One option is that PG&E is preparing to have its credit rating downgraded to non-investment status, Wara said, which would exacerbate its already limited access to capital markets. It also could be anticipating that California fire authorities will find its equipment responsible for the Tubbs Fire, which killed 24 people last year.
State officials have already found PG&E wires responsible for 16 fires last year. On Monday, California utility regulators announced a new investigation into PG&E’s involvement with the ongoing Camp Fire, which has killed 42 people so far — the worst in state history.
In June — before the Camp Fire outbreak — PG&E officials told state lawmakers that fire expenses could force the utility into bankruptcy or compel it to break the company into several pieces. Financial analysts say those are just two options of many that could be foreshadowed by the debt drawdown.

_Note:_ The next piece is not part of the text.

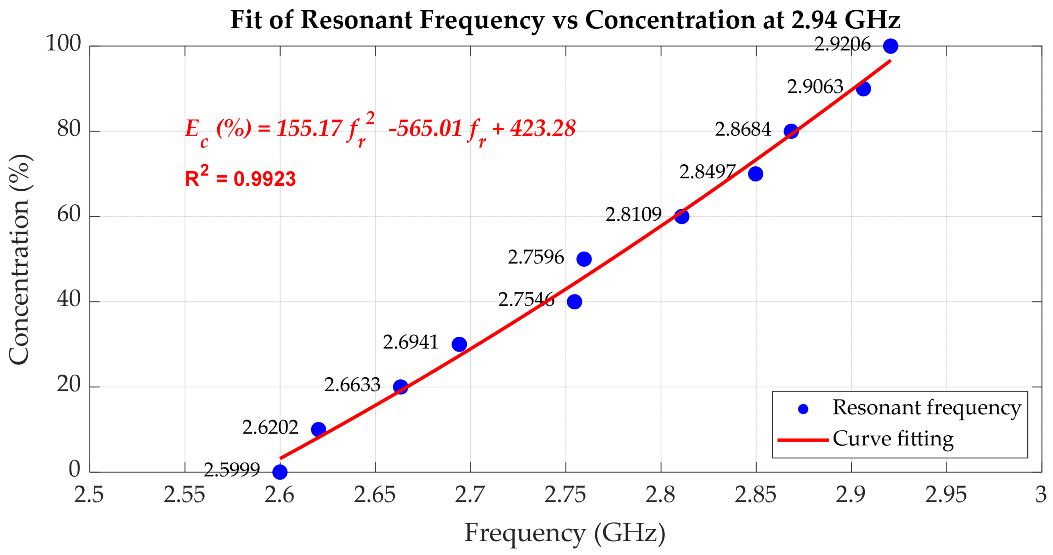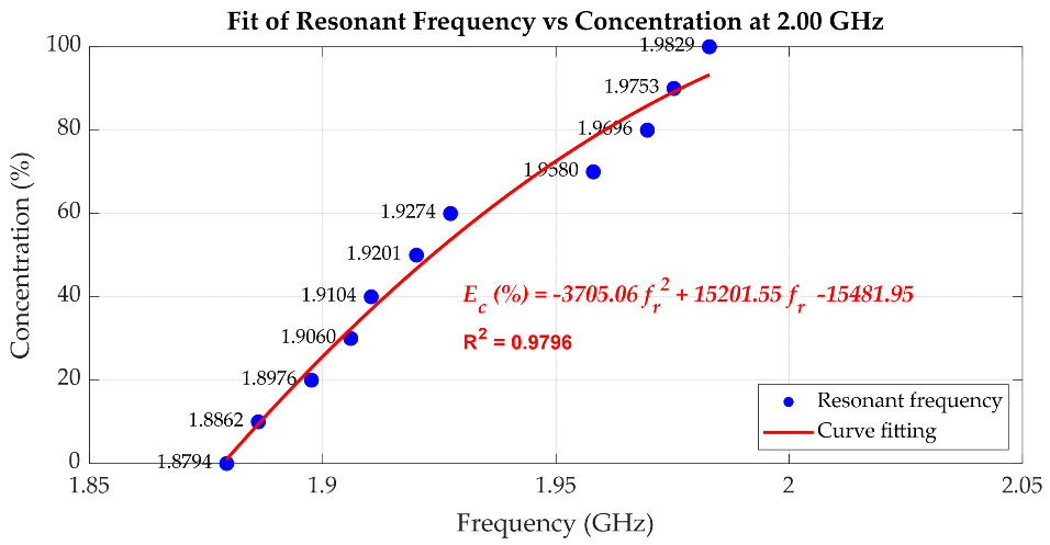 | Resonant Frequency (GHz) | Ethanol Concentration (%) | Ethanol Concentration (%) Extracted from (6) | Absolute Error (% of Ethanol Concentration) |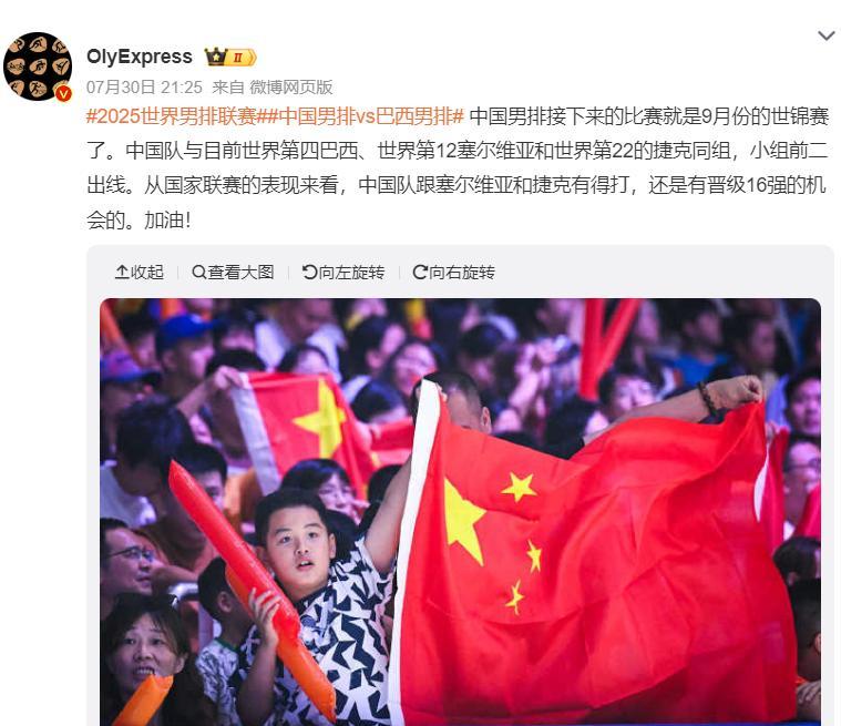3.男排接下來的比賽就是九月份的世錦賽,中國與巴西(世界第四)、塞爾維亞(世界第12)、捷克(世界第22)同組,小組前二才能出線,從世聯賽來看中國跟塞爾維亞、捷克有一打,有希望晉級16強。

“They've shored up and essentially enhanced their financial flexibility and I think given the situation that's occurred there it's not entirely surprising,” said Paul Patterson, an analyst at Glenrock Associates, a financial research firm. “Whether that means they are going to take additional action remains to be seen.”

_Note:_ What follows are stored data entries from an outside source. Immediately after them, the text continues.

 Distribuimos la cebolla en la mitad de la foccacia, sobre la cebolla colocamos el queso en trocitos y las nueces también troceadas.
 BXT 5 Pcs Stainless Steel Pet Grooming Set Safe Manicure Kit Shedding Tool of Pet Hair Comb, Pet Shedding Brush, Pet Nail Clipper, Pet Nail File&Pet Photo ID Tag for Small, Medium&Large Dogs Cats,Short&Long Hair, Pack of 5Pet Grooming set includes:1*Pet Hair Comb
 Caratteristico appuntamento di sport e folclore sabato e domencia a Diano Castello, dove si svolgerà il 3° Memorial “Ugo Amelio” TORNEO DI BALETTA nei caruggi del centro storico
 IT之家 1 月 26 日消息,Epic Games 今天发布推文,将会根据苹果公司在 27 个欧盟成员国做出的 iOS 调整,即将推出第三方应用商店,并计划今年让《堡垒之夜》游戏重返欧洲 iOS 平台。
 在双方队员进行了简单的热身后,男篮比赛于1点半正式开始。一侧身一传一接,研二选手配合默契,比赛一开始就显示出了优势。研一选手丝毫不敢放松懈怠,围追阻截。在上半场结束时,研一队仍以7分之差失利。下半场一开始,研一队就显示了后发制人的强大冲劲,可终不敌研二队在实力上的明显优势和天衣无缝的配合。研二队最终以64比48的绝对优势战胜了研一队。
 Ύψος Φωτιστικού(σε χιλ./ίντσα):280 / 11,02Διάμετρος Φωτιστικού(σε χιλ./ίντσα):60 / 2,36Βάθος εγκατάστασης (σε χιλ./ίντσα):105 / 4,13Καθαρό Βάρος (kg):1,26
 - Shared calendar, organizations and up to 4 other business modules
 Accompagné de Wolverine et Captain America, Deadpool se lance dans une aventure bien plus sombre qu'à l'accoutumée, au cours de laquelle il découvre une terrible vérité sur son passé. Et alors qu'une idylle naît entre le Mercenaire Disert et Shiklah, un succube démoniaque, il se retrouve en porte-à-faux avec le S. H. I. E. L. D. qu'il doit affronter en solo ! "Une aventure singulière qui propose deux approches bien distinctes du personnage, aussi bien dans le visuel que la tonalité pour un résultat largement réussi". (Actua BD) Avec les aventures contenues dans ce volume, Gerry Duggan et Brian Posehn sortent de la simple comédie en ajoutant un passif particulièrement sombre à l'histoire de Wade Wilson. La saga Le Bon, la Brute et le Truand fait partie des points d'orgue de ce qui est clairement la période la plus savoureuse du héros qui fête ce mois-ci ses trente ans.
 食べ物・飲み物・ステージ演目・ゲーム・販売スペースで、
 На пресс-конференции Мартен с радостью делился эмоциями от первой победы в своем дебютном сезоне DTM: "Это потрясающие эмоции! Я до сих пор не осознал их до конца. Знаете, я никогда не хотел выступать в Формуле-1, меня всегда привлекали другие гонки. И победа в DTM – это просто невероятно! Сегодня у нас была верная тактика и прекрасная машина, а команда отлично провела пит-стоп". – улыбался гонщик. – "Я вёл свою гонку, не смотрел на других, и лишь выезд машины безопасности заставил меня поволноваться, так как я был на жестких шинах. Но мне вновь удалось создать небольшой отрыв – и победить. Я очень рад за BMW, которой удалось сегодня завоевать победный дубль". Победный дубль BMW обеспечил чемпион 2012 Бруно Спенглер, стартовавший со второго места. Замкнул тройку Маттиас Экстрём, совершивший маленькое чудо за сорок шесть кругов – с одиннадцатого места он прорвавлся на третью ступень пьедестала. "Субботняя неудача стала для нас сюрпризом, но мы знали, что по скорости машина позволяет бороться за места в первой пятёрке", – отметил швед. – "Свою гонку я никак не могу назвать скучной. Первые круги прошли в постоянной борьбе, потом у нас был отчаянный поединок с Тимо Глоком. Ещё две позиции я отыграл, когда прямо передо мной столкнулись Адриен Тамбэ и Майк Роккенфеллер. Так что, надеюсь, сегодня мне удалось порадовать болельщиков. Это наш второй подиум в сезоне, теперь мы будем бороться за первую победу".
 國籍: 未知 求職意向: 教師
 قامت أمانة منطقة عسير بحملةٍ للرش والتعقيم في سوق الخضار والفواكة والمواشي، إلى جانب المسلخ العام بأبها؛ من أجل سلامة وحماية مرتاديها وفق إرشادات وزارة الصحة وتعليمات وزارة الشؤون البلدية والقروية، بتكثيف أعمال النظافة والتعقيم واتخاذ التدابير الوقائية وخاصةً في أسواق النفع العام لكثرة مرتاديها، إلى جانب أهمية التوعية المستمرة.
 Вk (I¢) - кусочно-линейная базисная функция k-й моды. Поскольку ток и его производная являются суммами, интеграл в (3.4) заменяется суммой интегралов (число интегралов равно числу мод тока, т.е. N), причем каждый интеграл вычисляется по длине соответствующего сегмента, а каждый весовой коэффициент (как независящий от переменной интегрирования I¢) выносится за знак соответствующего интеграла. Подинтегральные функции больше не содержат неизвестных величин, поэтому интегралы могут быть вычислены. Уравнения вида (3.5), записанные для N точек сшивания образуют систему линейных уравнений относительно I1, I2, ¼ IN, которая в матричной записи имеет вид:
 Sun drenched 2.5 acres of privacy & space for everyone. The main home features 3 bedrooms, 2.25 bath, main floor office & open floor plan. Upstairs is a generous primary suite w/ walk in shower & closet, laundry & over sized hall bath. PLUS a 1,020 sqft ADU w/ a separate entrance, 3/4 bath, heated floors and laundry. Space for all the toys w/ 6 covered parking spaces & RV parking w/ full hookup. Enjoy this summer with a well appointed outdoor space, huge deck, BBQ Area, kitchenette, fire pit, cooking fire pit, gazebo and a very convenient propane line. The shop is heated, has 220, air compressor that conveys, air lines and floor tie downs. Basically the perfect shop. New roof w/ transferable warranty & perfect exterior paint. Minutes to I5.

“They’re in a situation which is pretty extreme,” he added, “and I think it behooves them to take action to increase their financial flexibility.”
PG&E did not respond directly to questions about the debt drawdown, saying in an emailed statement that the "entire company is focused on supporting first responders and assisting our customers and communities impacted by the Camp Fire."
However, in a note to clients, Julien Dumoulin-Smith, a Bank of America-Merrill Lynch analyst, said the utility assured his firm that it is not preparing a bankruptcy filing.
“We had a chance to catch up with the company,” Dumoulin-Smith wrote, “noting that this isn't an indication of pre-filing for bankruptcy as they have $800 [million] of short-term debt coming due over the next three months as well as historical debt maturing in excess of $1 [billion].”
“However,” the analyst noted, “the reality is that this is very alarming given the timing as we don't know the specifics of the situation.”
If PG&E does file for bankruptcy, it would be the second time the company has been through the process in less than two decades. The company last emerged from bankruptcy almost 15 years ago following its filing during the California energy crisis.